Ideas Versus Opportunities

Scenario #1: While working in an industry, a mid-level manager stumbles onto a business opportunity. She presents it to her boss and says, "I think this is a great opportunity for us to introduce a new product and gain additional market share." The boss replies, "We don't do that around here. That's not the business we are in." Feeling somewhat dejected, she continues to massage the idea, study the industry, analyze potential customer groups and put resources in place. Several months later, she has a handful of potential customers who are ready to buy her new products and she is certain that the new venture will work.

Scenario #2: A guy is sitting on his couch watching a football game on a Sunday afternoon. He thinks to himself how much he hates his job and how he doesn't want to go to work tomorrow. Suddenly, he has an idea for a new product in an unfamiliar industry. He thinks to himself, "This is a revolutionary product idea.

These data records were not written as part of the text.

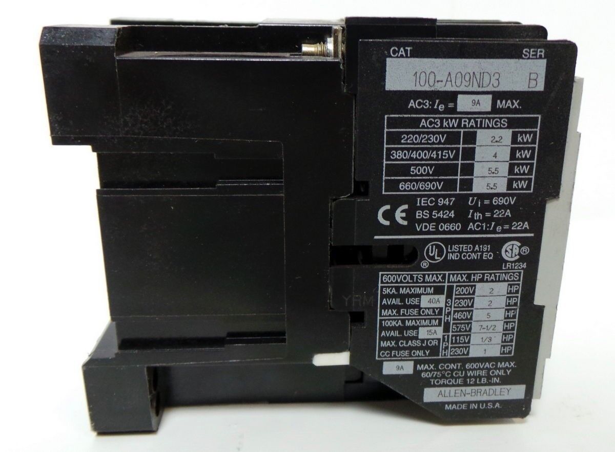 For sale by Equipment Recycle is a lot of 4 Allen Bradley 100-A09ND3 Series B. They are all used and removed from a working environment.  Here is your chance to own this for a fraction of retail. There are more details on this item below. Feel free to contact us with any questions.
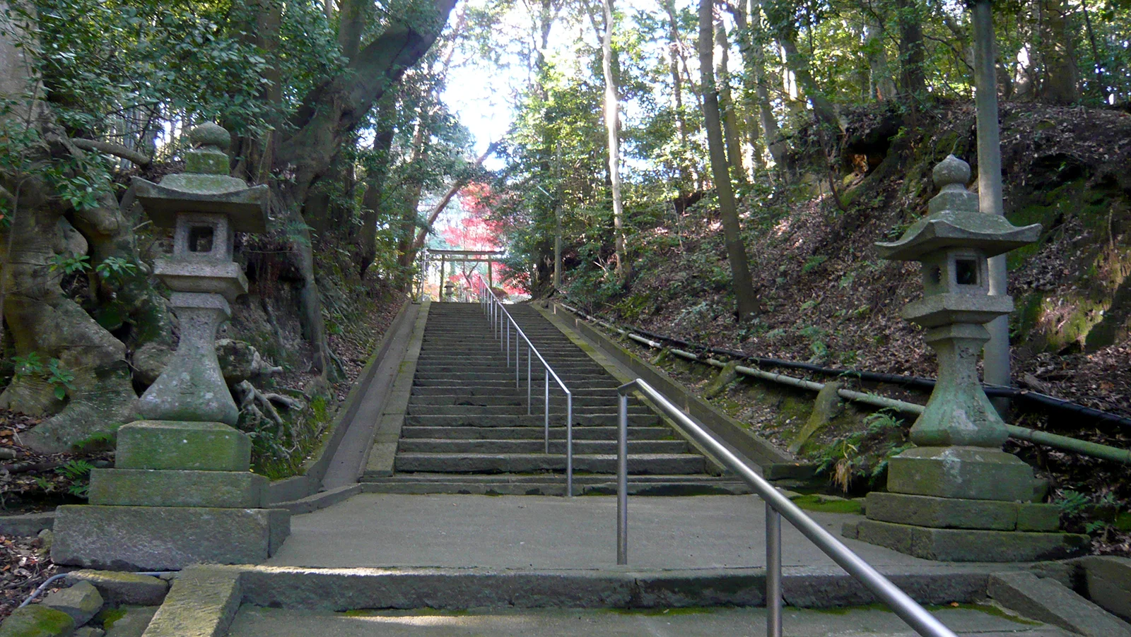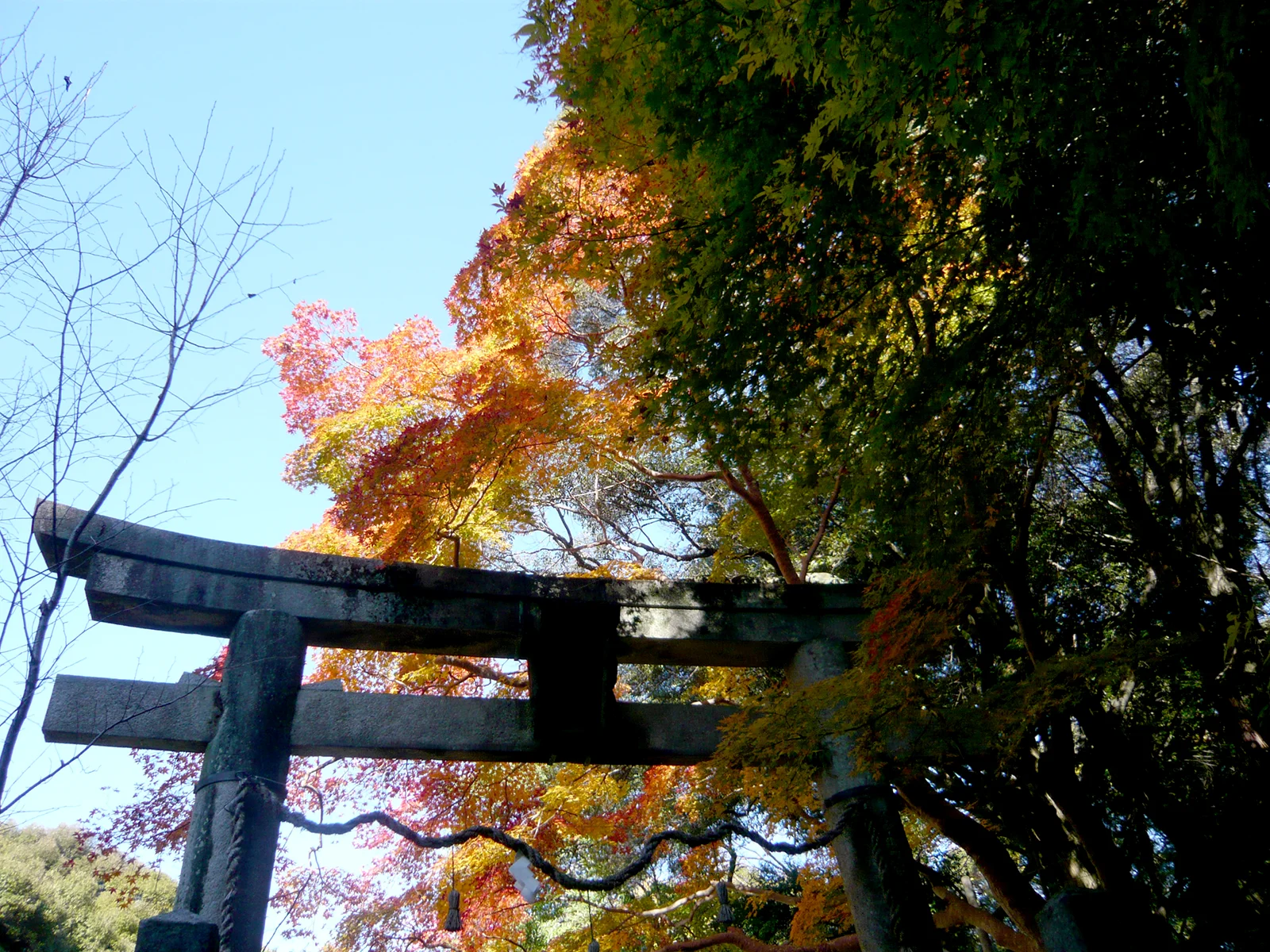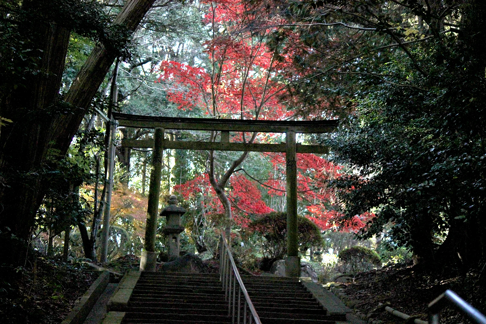 山の東側の高く長い石段を上りきると、紅葉の美しい樹木に囲まれた鞍岡神社です。
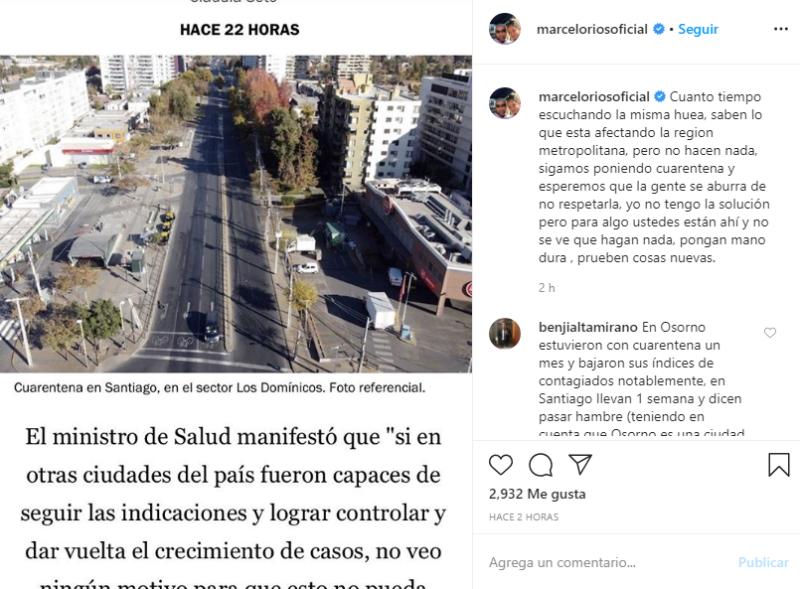 Como en oportunidades anteriores, el ex tenista utilizó su cuenta oficial de Instagram (@marceloriosoficial) para cuestionar a las autoridades por la forma en que se ha enfrentado la propagación del coronavirus en Chile, donde actualmente hay cuarentena en el Gran Santiago y tres comunas del resto del país.
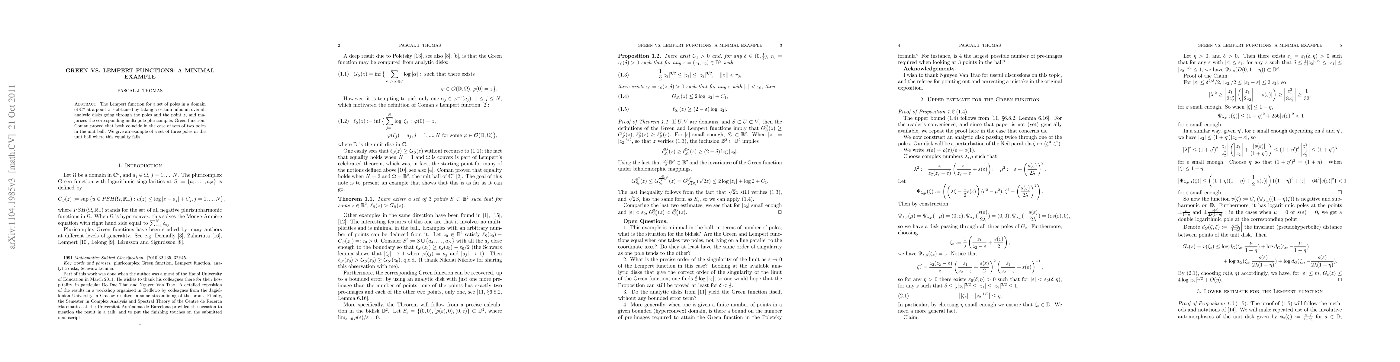 This paper demonstrates that the Lempert function and the multi-pole pluricomplex Green function, which coincide for two poles in the unit ball, diverge for a set of three poles in the unit ball. This provides a minimal example of their non-equivalence.
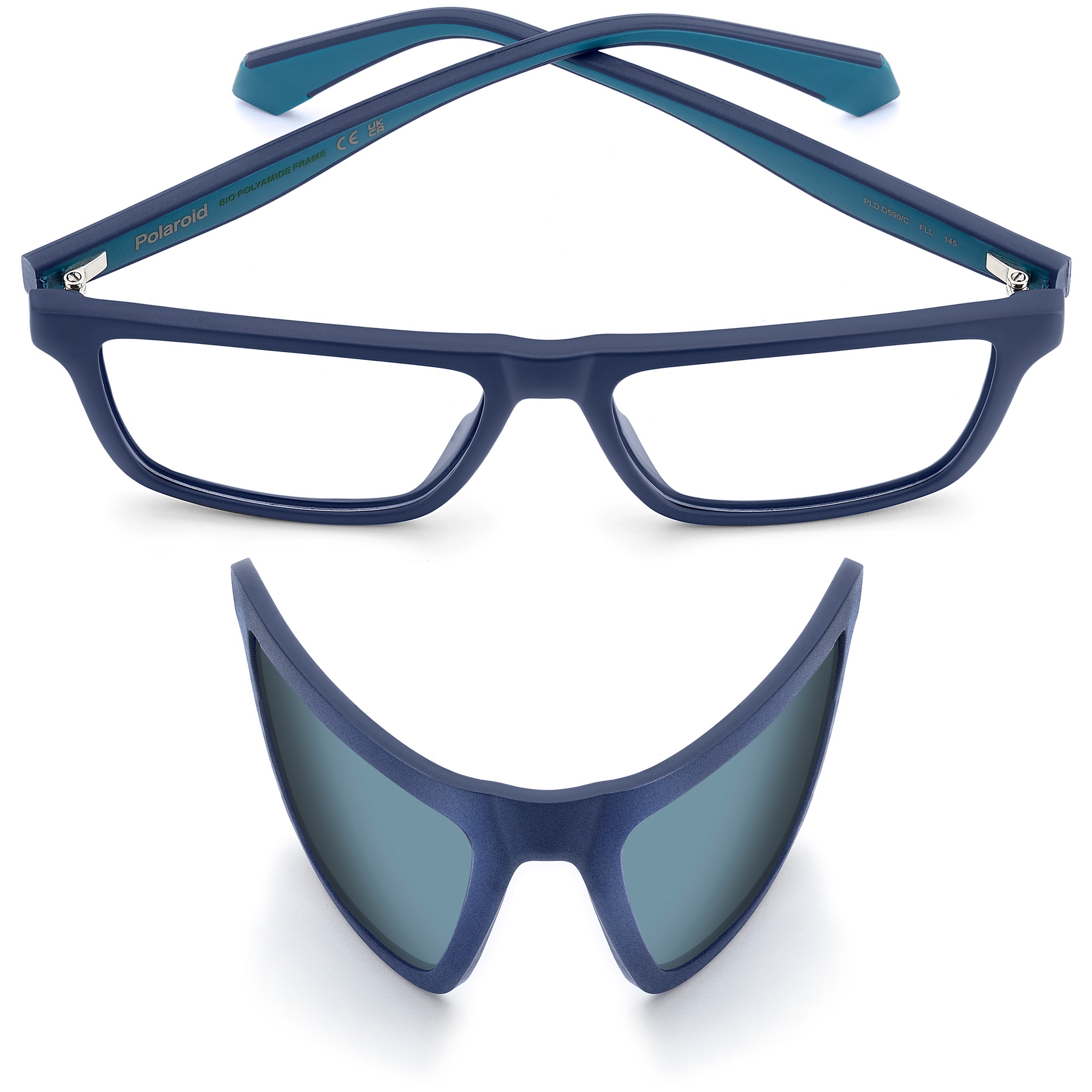 Armação de Óculos Clip On Polaroid Pld D590/C FLL - Azul Fosco 55
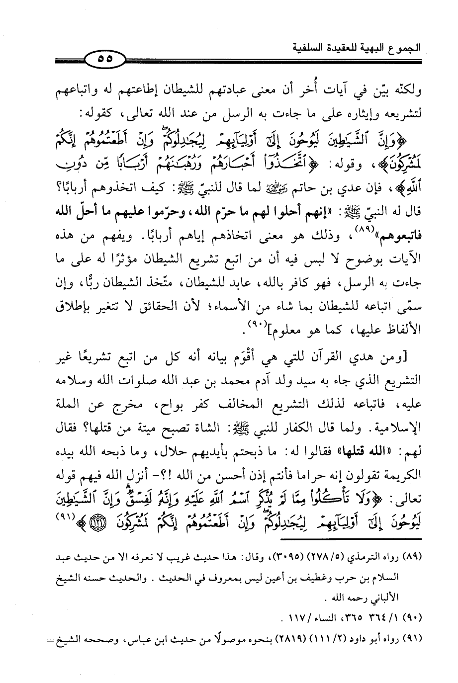 [وَمِنْ هَدْيِ الْقُرْآنِ لِلَّتِي هِيَ أقْوَم بَيَانُهُ أَنَّهُ كُلُّ مَنِ اتَّبَعَ تَشْرِيعًا غَيْرَ التَّشْرِيعِ الَّذِي جَاءَ بِهِ سَيِّدُ وَلَدِ آدَمَ مُحَمَّدُ بْنُ عَبْدِ اللَّهِ صَلَوَاتُ اللَّهِ وَسَلَامُهُ عَلَيْهِ، فَاتِّبَاعُهُ لِذَلِكَ التَّشْرِيعِ الْمُخَالِفِ كُفْرٌ بَوَاحٌ، مُخْرِجٌ عَنِ الْمِلَّةِ الْإِسْلَامِيَّةِ. وَلَمَّا قَالَ الْكُفَّارُ لِلنَّبِيِّ صَلَّى اللَّهُ عَلَيْهِ وَسَلَّمَ: الشَّاةُ تُصْبِحُ مَيِّتَةً مَنْ قَتَلَهَا؟ فَقَالَ لَهُمْ: «اللَّهُ قَتَلَهَا» فَقَالُوا لَهُ: مَا ذَبَحْتُمْ بِأَيْدِيهِمْ حَلَالٌ، وَمَا ذَبَحَهُ الله بِيَدِهِ الْكَرِيمَة تَقولُونَ إِنَّه حَرَامًا فَأَنْتُمْ إِذَنْ أَحْسَنُ مِنَ اللَّهِ!؟ - أَنْزَلَ اللَّهُ فِيهِمْ قَوْلَهُ تَعَالَى: (وَلاَ تَأْكُلُواْ مِمَّا لَمْ يُذْكَرِ اسْمُ اللَّهِ عَلَيْهِ وَإِنَّهُ لَفِسْقٌ وَإِنَّ الشَّيَاطِينَ لَيُوحُونَ إِلَى أَوْلِيَآئِهِمْ لِيُجَادِلُوكُمْ وَإِنْ أَطَعْتُمُوهُمْ إِنَّكُمْ لَمُشْرِكُونَ) (¬3)
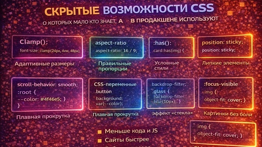 Большинство новичков думают, что CSS — это: цвет, отступы, шрифты и всё. На самом деле CSS в 2026 году — это мощный инструмент, который: В этой статье я покажу CSS-фишки, которые реально используют в продакшене, но о которых редко рассказывают в начале обучения. Без магии. Только то, что можно взять и применить. Это одна из самых недооценённых функций CSS. Браузер сам выбирает подходящий размер. 👉 Меньше медиазапросов — чище код. Раньше для этого были хаки с padding. Это одна из самых мощных новинок...

I am sure no one has ever thought of this before. I'm going to make millions." Without doing any additional research and without knowing any more about the industry, he promptly goes into his bosses office on Monday morning and gives his two week notice. He is going use the money in his savings account and all of his time to focus on his "new business."

I'm sure you get the point: one is a true business opportunity and one is a pipe dream. A sound opportunity consists of:

  1. 1. A proposition for satisfying an unmet need (or a better way to meet a need)
  2. 2. A credible position in the industry (broad and deep industry knowledge/experience)
  3. 3. Access to the resources required to implement the proposition (suppliers, partners, funds, etc.)
  4. 4. A handful of customers who are ready to buy the product or service right now!
  5. 5. A sound business model where all the numbers work.